Market incentivizing wheat double-crop soybeans
A group of ag economists say there’s a market incentive to double crop wheat and soybeans in the 2023 crop year.
Economists from the University of Illinois and Ohio State University say the rotation might be more profitable than a standalone corn to soybeans rotation because of wheat production loss coming from the Russian – Ukrainian war.
The University of Illinois’ Gary Schnitkey tells Brownfield…
“Those crop combinations are providing energy and protein and prices will adjust to get those items and livestock rations amongst other things,” Schnitkey said.

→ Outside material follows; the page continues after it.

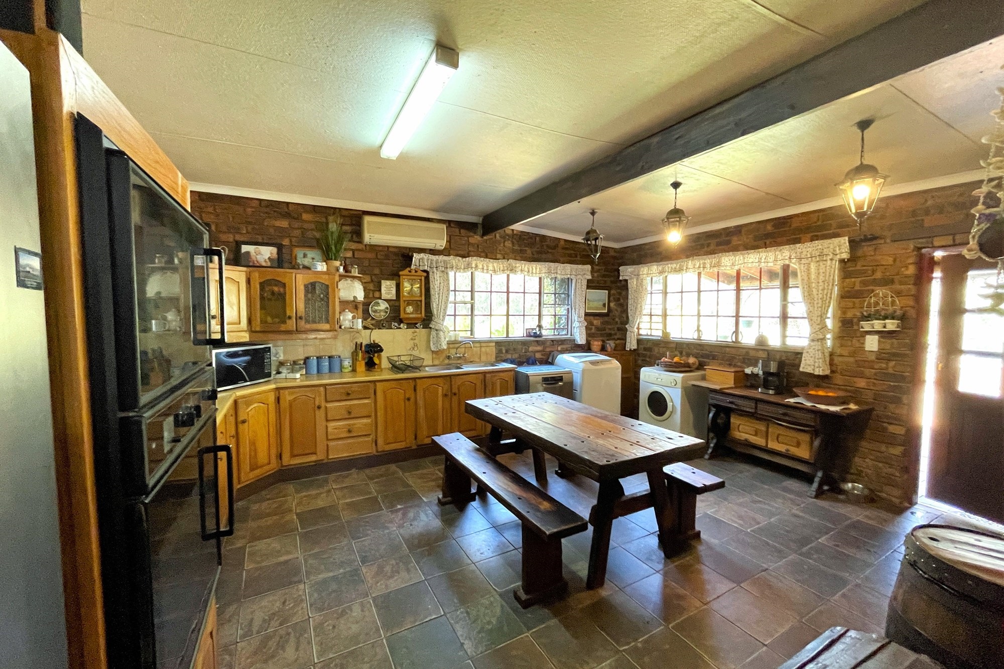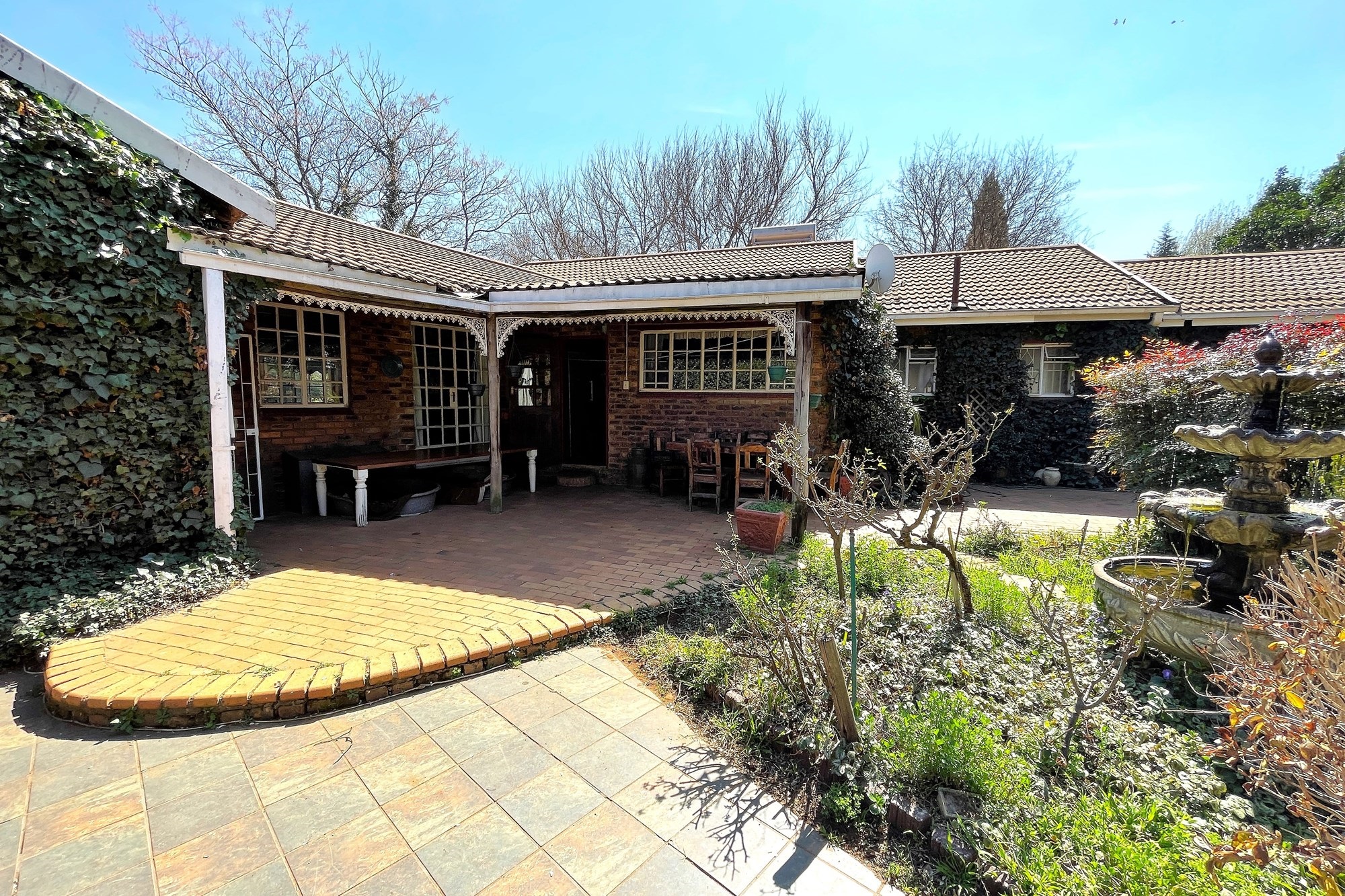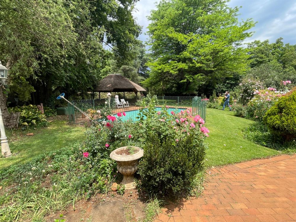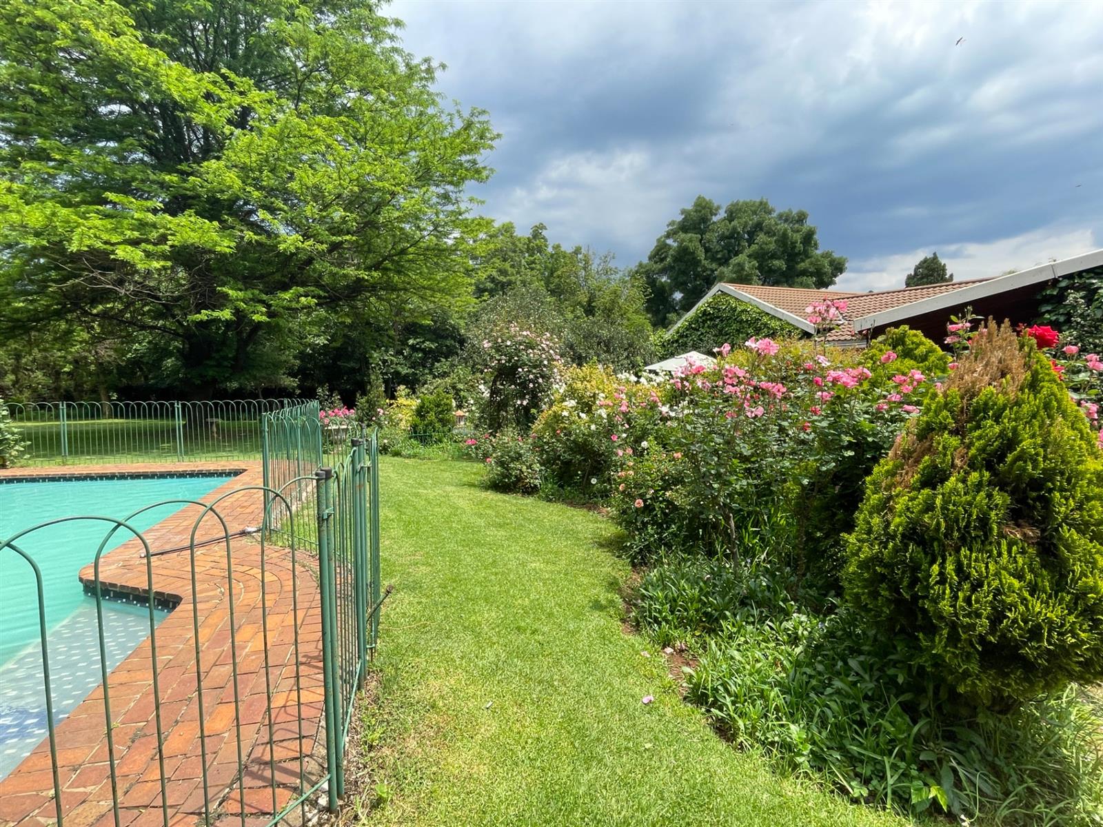 The swimming pool and thatched lapa are fenced in and surrounded by rose and complimentary foliage spoiling the homeowner with eye-candy while enjoying the local bird and animal activities. Overlooking the magnificent home, cottage, stables and entertainment area is a very neatly paved patio braai area.

He says comparisons done between central Illinois and southern Illinois point to the practice being most favorable in lower production areas which is reflective of the entire Corn Belt.
“Corn yields increase more the higher the productivity of the farmland and soybean yields don’t go down as much (on less productive farmland),” Schnitkey said. “So, the relative yields of corn and soybeans – there’s less of a difference in southern Illinois than there is in central Illinois.”
The group made their comparison by mapping different crop combinations and rotations by calorie and protein production with corn producing more calories and soybeans and wheat producing more protein. Schnitkey says using a standard corn – soybean rotation as the baseline, planting wheat double crop soybeans following corn is the best way to raise calorie and protein production.
The group says the double cropping incentive could be diminished if the wheat market drops by the fall.